AMY GOODMAN: Let’s go to the related issue of militarization of the US-Mexico border. On Friday, President Obama signed into law a $600 million bill to deploy some 1,500 new Border Patrol agents and law enforcement officials along the border, as well as two aerial surveillance drones. The bill was quickly passed by Congress in a rare display of bipartisanship.

For more on this issue, we’re going to turn to Arnoldo García, the program director of the Immigrant Justice & Rights Program at National Network for Immigrant and Refugee Rights. He’s joining us from the University of California, Berkeley.

Welcome to Democracy Now!, Arnoldo. What about this issue and the — your assessment of what Congress passed?

ARNOLDO GARCÍA: Well, the US has been militarizing immigration control in border communities for the last fifteen years, and it has consisted of deliberately funneling migrants to cross through the most dangerous and desolate parts of the desert region and basically pushing people to enter through Arizona. They risk their lives that way. On the US side, there is an average of the remains of two migrants are found on the US side. And human rights groups that are tracking the deaths and trying to prevent people from dying in the desert estimate that for each migrant remain found, there’s at least ten other people missing. So, not only are migrants the casualties of this militarization of the border, but are also the rights of the communities that are suffering this onslaught on their daily lives. And I think Arizona is the epicenter right now, but the epicenter has changed over time, from California to Arizona, from, you know, different parts of the South Texas, and it’s also been extended into the interior, in terms of how the increase that Obama just signed last Friday also increases interior policing and also increases the other types of policing on the border, including sending additional soldiers to patrol in Arizona, particularly.

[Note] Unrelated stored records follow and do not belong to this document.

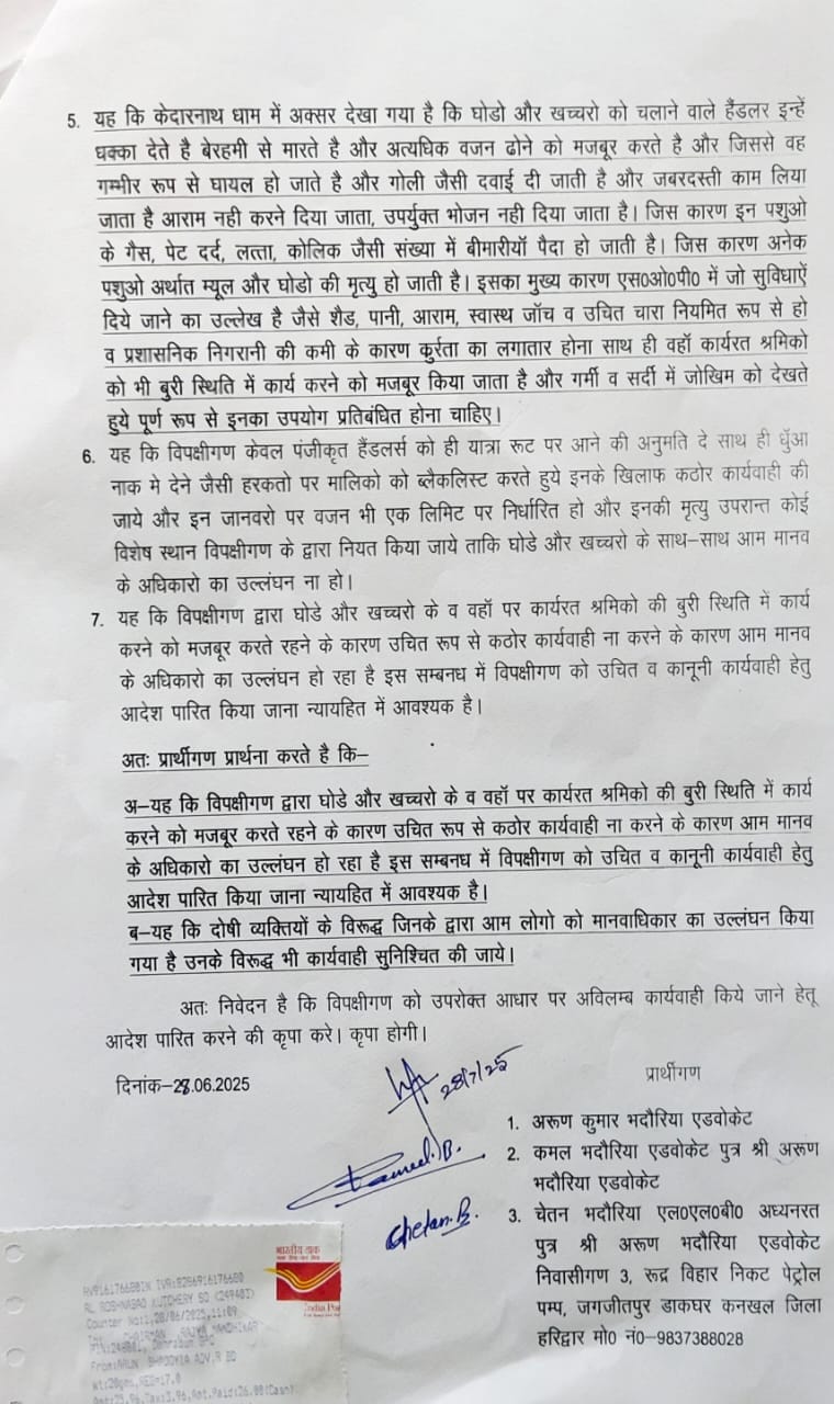 देहरादून: राज्य मानवाधिकार आयोग ने एक याचिका को स्वीकार करते हुए जिलाधिकारी रुद्रप्रयाग और जिलाधिकारी चमोली को नोटिस जारी किया है। आयोग ने दोनों अधिकारियों को निर्देश दिए हैं कि वे इस मामले में 2 सितंबर 2025 तक अपना जवाब दाखिल करें।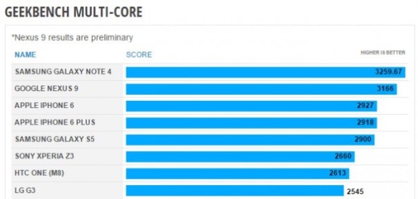 Im Multicore-Test hingegen muss sich das Nexus 9 eben jenem Samsung GALAXY Note 4 geschlagen geben, auch wenn nur knapp. Jedoch sollte man bedenken, dass Samsung’s neues Flaggschiff auch viermal so viele Kerne hat wie das Tablet. Jedoch wird auch hier das hochgelobte neue Apfel-Phone wieder abgehängt. Es scheint also so, ab ob dessen Vormachtstellung beendet sei.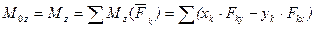 2) В точке О прикладываем вектор-моменты всех сил, равные моментам всех присоединенных ПС, и получаем вторую систему сходящихся векторов. Выполняем операцию геометрического сложения и находим главный момент СС относительно центра приведения. Главным моментом системы сил относительно точки О тела, называется вектор, равный векторной сумме моментов всех сил системы относительно этой точки.

JUAN GONZALEZ: And Arnoldo García, have you been surprised by the fact that in the first year of the Obama administration a record number of people were deported, about 75 percent of them, as we reported, 73 percent, to Mexico, that the mass deportations are continuing under a Democratic administration, as they were increasing under the Bush administration?

ARNOLDO GARCÍA: Unfortunately, we weren’t surprised, because the government has been increasing or building the infrastructure of a plan called Operation Endgame, which consists of creating the facilities and the policing to — their ideal is, for every immigrant that’s detained, one would be deported. And this includes the increasing of jail beds exclusively for undocumented immigrants who are deportable and also the doubling of the Border Patrol on the US-Mexico border and the tripling of Immigration and Customs Enforcement police in the interior, and, on top of that, like what’s happened in Arizona, federal programs that allow police to collaborate with immigration law enforcement. So when you have this type of operation, right, this type of strategy and policies to criminalize immigrants and to deport them, then you are going to have increases that we’ve been seeing. And it’s not so much Obama as it’s presently as part of a compact that exists among Republicans and Democrats and also a plan, an operative plan that they’ve been implementing at least since 2003.

AMY GOODMAN: We’re talking to Arnoldo García, program director of the Immigrant Justice & Rights Program at the National Network for Immigrant and Refugee Rights; Laura Carlsen on the phone with us from Mexico City; as Victor Clark Alfaro is also joining us from Tijuana. Juan?

JUAN GONZALEZ: Victor Clark, in terms of the impact on the northern cities of Mexico, of these continued mass deportations and the militarization of the border, what’s been the result on the other side?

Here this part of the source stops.